▶ [Work request] Transcribe exactly the lines from the top of the records below through the line that holds "8 ستمبر کو بدعنوانی", both included, with no pictures.

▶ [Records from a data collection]

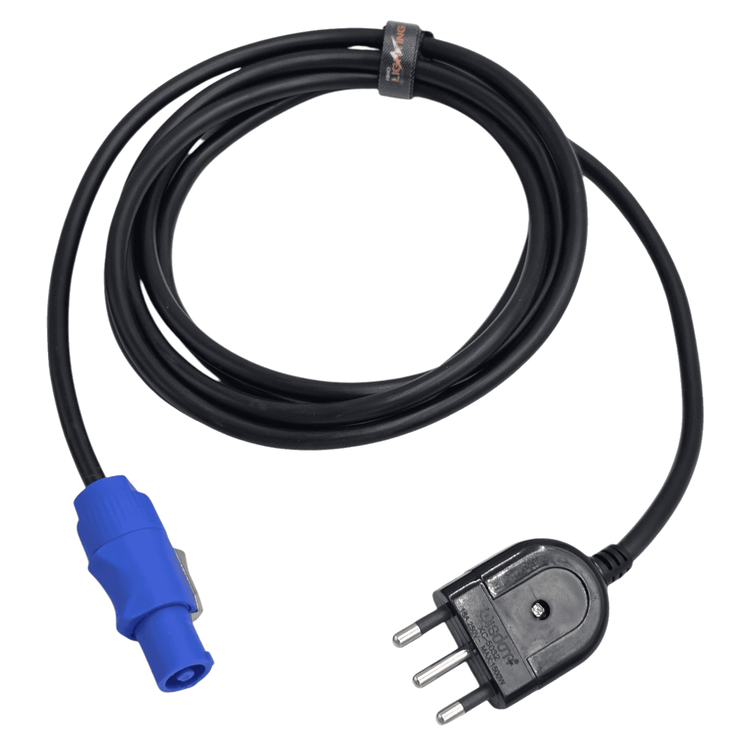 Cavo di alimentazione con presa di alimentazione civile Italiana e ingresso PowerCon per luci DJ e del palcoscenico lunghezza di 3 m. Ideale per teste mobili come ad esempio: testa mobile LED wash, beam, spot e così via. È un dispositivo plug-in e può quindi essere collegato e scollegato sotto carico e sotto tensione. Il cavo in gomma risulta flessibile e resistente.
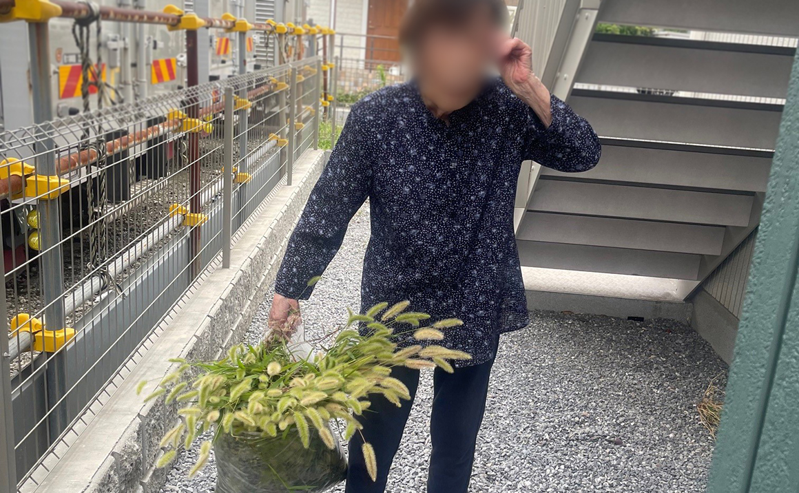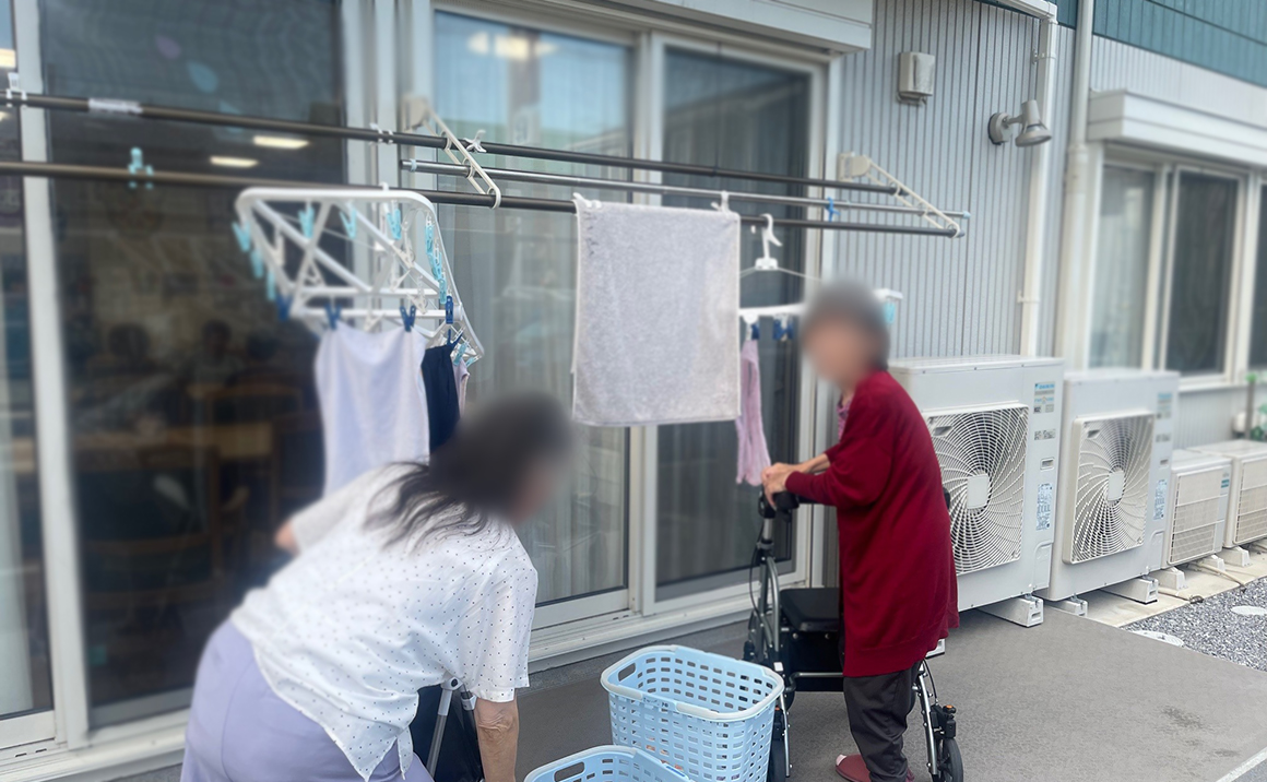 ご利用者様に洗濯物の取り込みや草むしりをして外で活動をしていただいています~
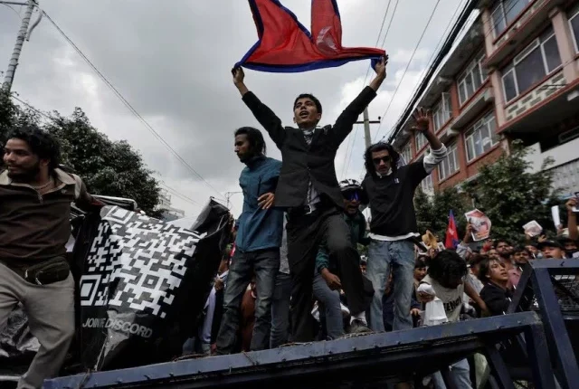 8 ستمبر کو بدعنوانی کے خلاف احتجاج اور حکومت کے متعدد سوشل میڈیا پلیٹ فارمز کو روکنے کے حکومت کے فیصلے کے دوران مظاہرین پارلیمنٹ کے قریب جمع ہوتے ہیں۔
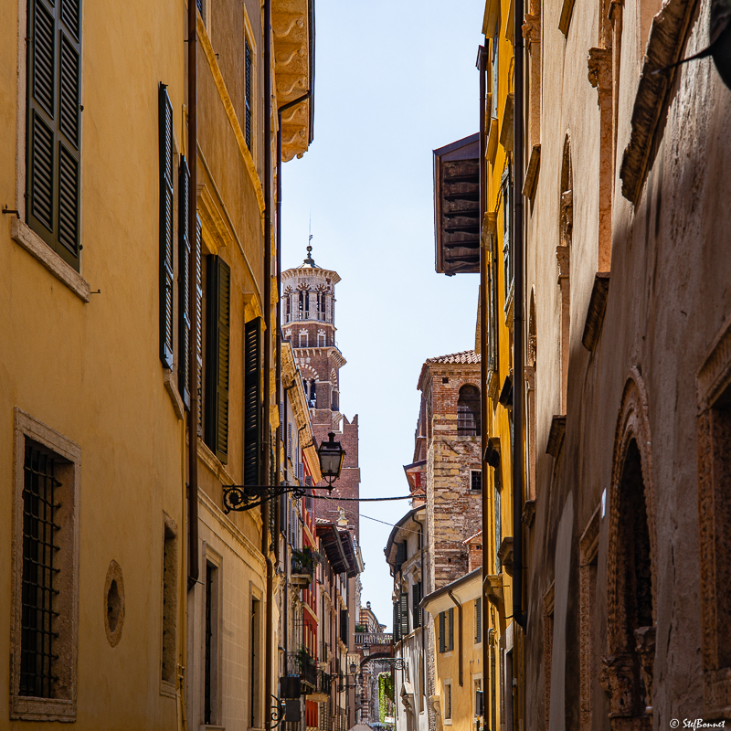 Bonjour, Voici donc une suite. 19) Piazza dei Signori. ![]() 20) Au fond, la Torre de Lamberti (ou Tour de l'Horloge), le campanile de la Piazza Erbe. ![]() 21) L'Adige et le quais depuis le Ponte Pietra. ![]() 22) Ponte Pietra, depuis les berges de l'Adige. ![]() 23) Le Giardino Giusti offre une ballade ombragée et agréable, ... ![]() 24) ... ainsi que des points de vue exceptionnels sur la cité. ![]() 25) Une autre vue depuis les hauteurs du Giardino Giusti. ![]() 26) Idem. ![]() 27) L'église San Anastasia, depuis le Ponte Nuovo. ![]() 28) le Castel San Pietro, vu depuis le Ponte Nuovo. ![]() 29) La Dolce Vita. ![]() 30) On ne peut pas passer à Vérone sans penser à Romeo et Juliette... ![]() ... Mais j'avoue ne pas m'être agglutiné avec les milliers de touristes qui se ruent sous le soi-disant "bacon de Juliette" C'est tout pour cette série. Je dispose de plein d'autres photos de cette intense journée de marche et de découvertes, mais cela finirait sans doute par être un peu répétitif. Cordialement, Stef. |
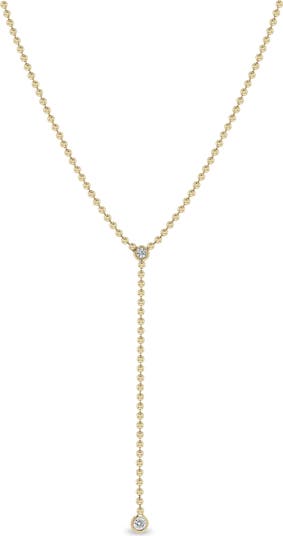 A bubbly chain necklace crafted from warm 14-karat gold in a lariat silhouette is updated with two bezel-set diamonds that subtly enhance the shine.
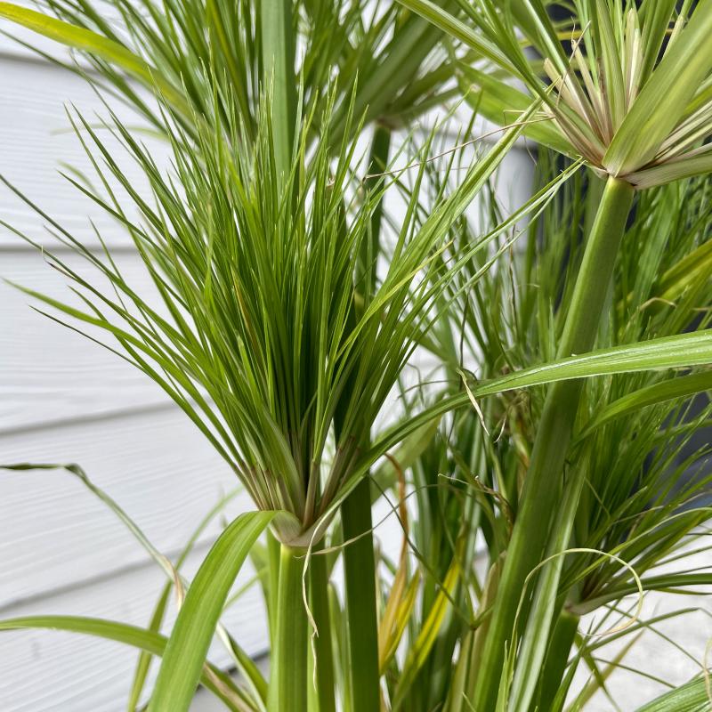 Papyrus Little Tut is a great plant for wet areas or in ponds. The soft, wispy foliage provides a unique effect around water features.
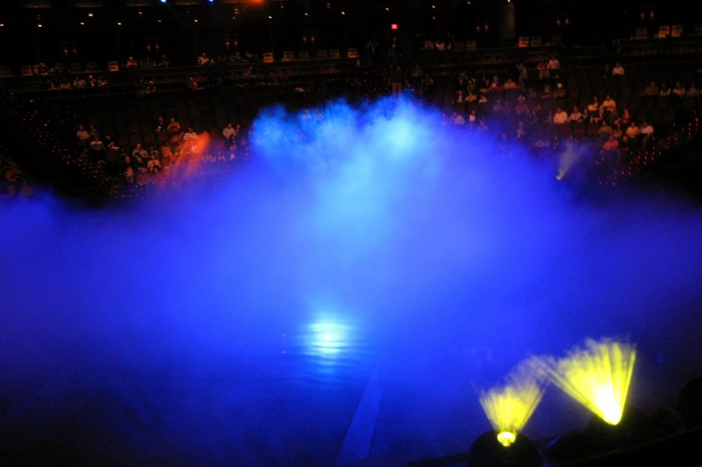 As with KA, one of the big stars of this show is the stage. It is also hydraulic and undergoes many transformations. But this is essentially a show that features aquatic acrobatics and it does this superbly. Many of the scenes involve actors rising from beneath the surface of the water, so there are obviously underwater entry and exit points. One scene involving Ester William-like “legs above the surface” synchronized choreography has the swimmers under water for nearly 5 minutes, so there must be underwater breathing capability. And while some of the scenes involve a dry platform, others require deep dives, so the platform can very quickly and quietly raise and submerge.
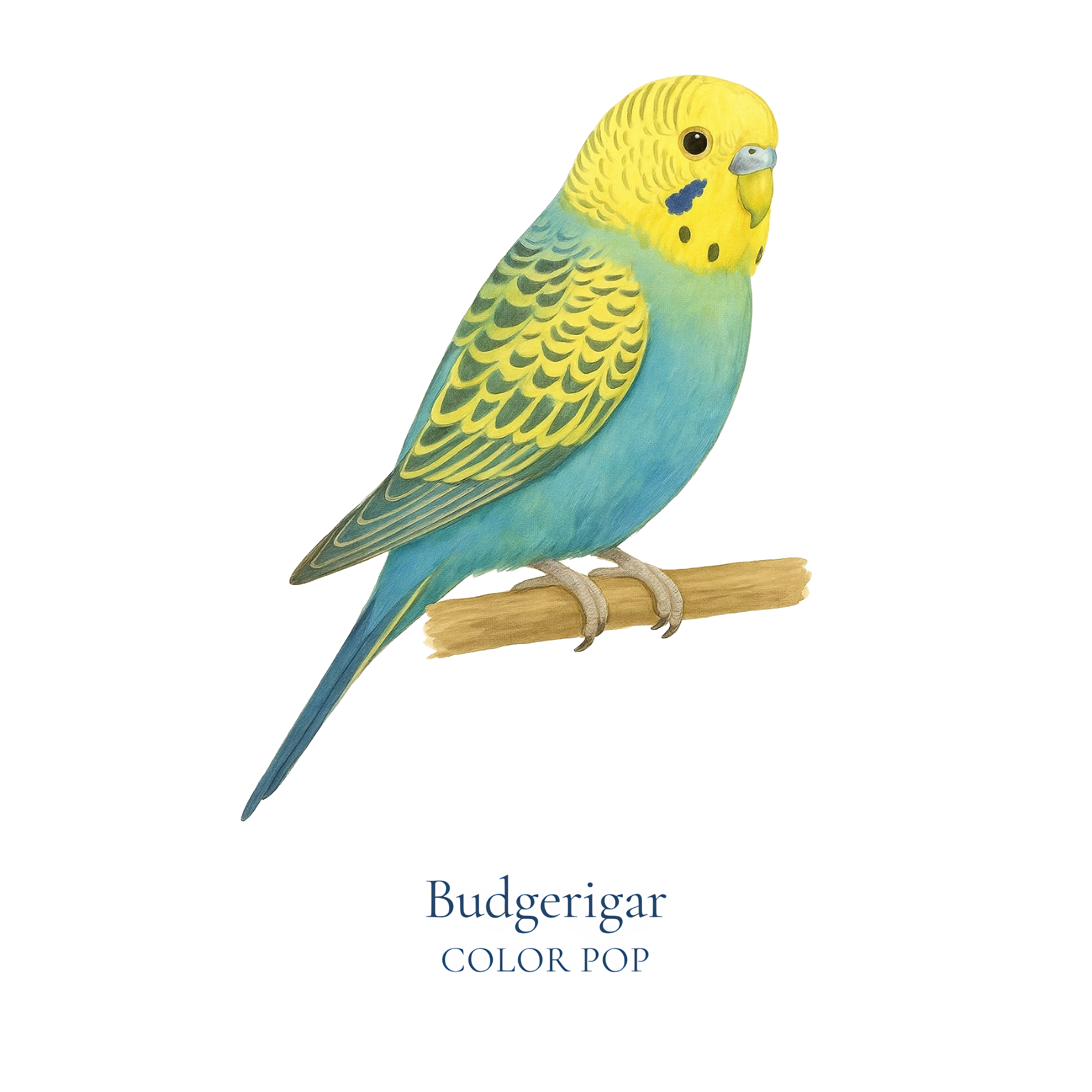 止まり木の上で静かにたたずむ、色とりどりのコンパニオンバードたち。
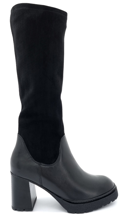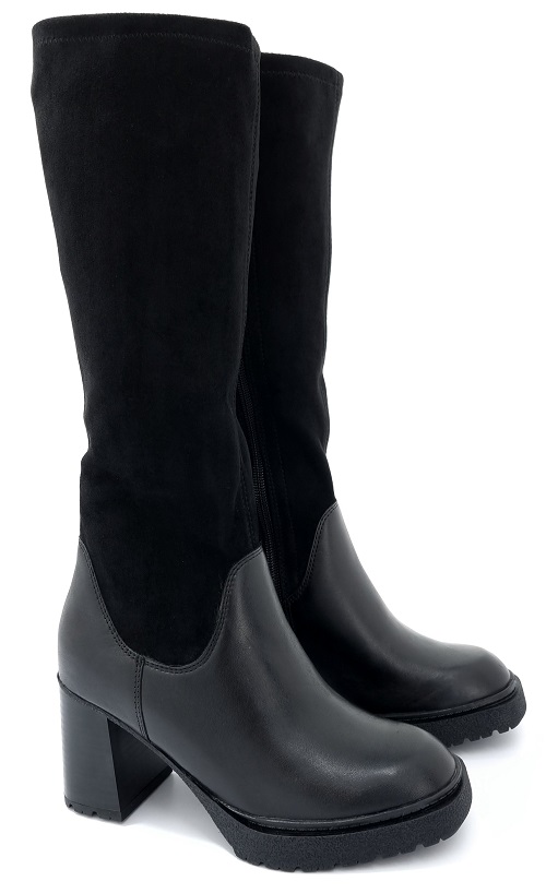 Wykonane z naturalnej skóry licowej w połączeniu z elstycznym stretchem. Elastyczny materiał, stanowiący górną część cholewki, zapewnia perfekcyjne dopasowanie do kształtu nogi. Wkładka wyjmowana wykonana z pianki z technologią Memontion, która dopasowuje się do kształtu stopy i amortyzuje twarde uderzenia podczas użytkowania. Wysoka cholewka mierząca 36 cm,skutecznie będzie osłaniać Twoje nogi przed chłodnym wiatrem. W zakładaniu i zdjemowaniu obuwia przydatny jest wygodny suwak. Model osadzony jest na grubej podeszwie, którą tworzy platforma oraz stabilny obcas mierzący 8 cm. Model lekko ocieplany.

▶ [Response for this exercise]
 Cavo di alimentazione con presa di alimentazione civile Italiana e ingresso PowerCon per luci DJ e del palcoscenico lunghezza di 3 m. Ideale per teste mobili come ad esempio: testa mobile LED wash, beam, spot e così via. È un dispositivo plug-in e può quindi essere collegato e scollegato sotto carico e sotto tensione. Il cavo in gomma risulta flessibile e resistente.
 ご利用者様に洗濯物の取り込みや草むしりをして外で活動をしていただいています~
 8 ستمبر کو بدعنوانی کے خلاف احتجاج اور حکومت کے متعدد سوشل میڈیا پلیٹ فارمز کو روکنے کے حکومت کے فیصلے کے دوران مظاہرین پارلیمنٹ کے قریب جمع ہوتے ہیں۔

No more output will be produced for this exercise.